Inspector’s narrative
What the inspector wrote
Allegation #1
: The Licensee left the resident in a soiled diaper.
The complaint alleges that the caregiver left a resident either "soaking wet or that the bedding smelled of urine". On June 28, 2025, between 10:30 AM and 12:00 PM, the Licensing Program Analyst (LPA) interviewed the Memory Care Director (MCD) Alicia Ballard, who denied the allegation. The MCD stated that all residents in memory care receive care checks every 2 to 4 times a day, or as needed, to ensure they are changed and that their continence issues are addressed. The MCD also noted that each resident has different care needs throughout the day. For example, Resident #1 (R1) is checked more frequently due to specific needs. The MCD emphasized that no residents are ever left in soiled diapers or with dried urine.
During the same day, between 10:30 AM and 12:00 PM, the LPA interviewed six staff members (S1-S6). Of those, 4 out of 6 denied the allegations, stating that they continuously monitor the residents and promptly change them whenever they notice they are soiled, ensuring residents are placed in dry diapers.
Later, on June 28, 2025, between 1:30 PM and 3:00 PM, the LPA interviewed six residents (R2-R7). Five out of 6 denied the allegations, confirming that they are changed before breakfast, after breakfast, before lunch, after lunch, as needed, and at bedtime. They also stated that they are never left in soiled diapers, nor does their bedding smell of urine. On June 29, 2025, the LPA interviewed with Resident #8 (R8), who denied the allegation.

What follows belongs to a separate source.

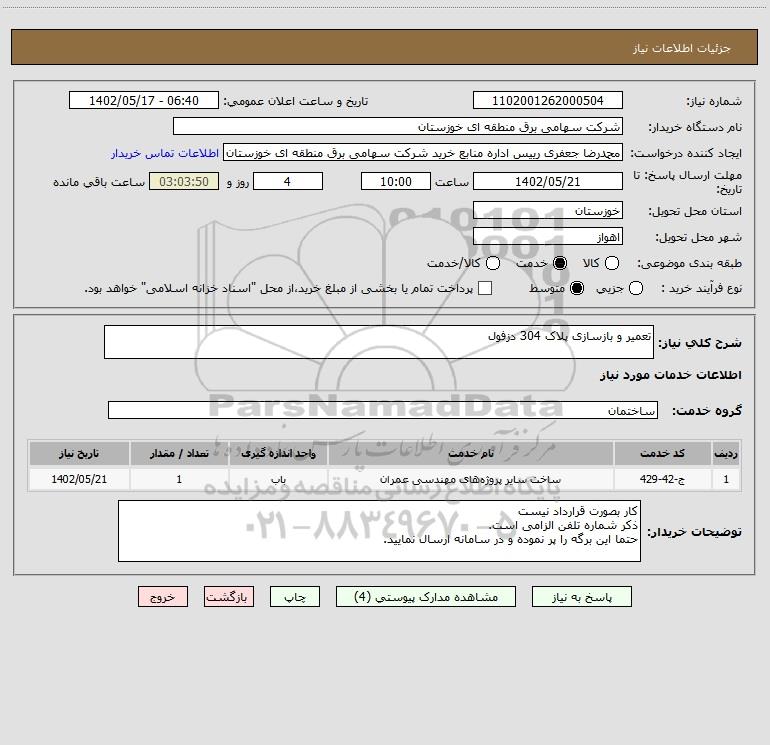 استعلام تعمیر و بازسازی پلاک 304 دزفول, استعلام تعمیر و بازسازی پلاک 304 دزفول

Evaluation Report continues LIC 9099-C
Additionally, the LPA reviewed R1's Needs of Service Plan dated November 2, 2022, which indicated that R1 is being toileted six times a day and as needed. On 06/29/25, the LPA visited residents' rooms #101 and #107, where the residents appeared to be well cared for, healthy, clean, and showed no smell of urine. The LPA was unable to interview Resident #1 because R1 had passed away. No date was provided.
Based on interviews, observations, and records reviewed, there is insufficient evidence to support the allegation: “Licensee left resident in soiled diaper.” Although the allegation may have happened or is valid, there is not a preponderance of evidence to prove the alleged violation did or did not occur; the allegation is
Unsubstantiated.
Allegation #2:
Licensee did not safeguard resident's property.

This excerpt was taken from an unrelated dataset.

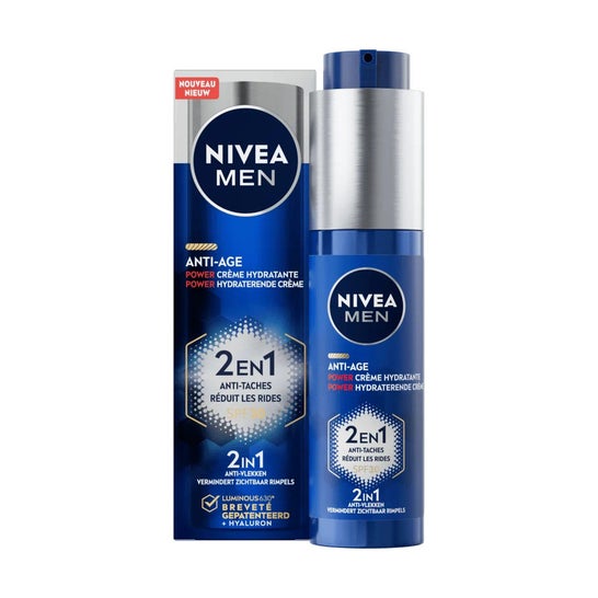 Nivea Men Power Creme Anti-Âge 2 en 1 Spf30 50ml est un hydratant conçu spécifiquement pour le soin masculin. Cette crème combine les bienfaits de l'Acide Hyaluronique avec l'ingrédient innovant anti-taches Luminous630®, ce qui en fait une option efficace pour le soin quotidien de la peau.

The complaint alleges that the Licensee failed to safeguard a resident's property, which resulted in damage to the hearing aid. On June 28, 2025, between 10:30 AM and 12:00 PM, the Licensing Program Analyst (LPA) interviewed the Memory Care Director (MCD), who denied the allegation. The MCD explained that all residents in Memory Care do not keep valuable items in their rooms; instead, their families retain them. The MCD also stated that for residents who use hearing aids, the nurse places them in the residents' ears each morning, removes them before bedtime, and stores them safely in the Med Tech cart until the next morning. Additionally, the MCD noted that the facility has a theft and loss policy in place for all residents.
Evaluation Report continues LIC 9099-C
During the same time, the LPA interviewed six staff members (S1-S6). Of those, four out of six denied the allegations, stating that residents had never complained to them about missing items from their rooms. On the same day, between 1:30 PM and 3:00 PM, the LPA interviewed six residents (R2-R7) regarding the allegation. All six residents denied the allegation, asserting that the facility keeps their belongings safe and that they have not lost any of their items; they mentioned that sometimes they might misplace things within their rooms.
Additionally, on June 29, 2027, between 11:00 AM and 11:24 AM, the LPA interviewed one resident #8 (R8), who also denied the allegation. Furthermore, during a record review of the admission agreement on June 29, 2025, the LPA found that the inventory policy for resident #1 (R1) did not list any items. LPA was unable to interview resident #1 R1 due to the resident's passing. No date was given.
Based on LPA's observations, interviews, and reviews, LPA did not find sufficient evidence to support the allegation that the Licensee did not safeguard the resident’s property. Although the allegation may have happened or is valid, there is not enough preponderance of evidence to prove that it is valid or did occur; therefore, the allegation is
Unsubstantiated.
No deficiencies were cited.
An exit interview was conducted. A copy of the report was provided to Community Relation Director Cynthia Cisneros.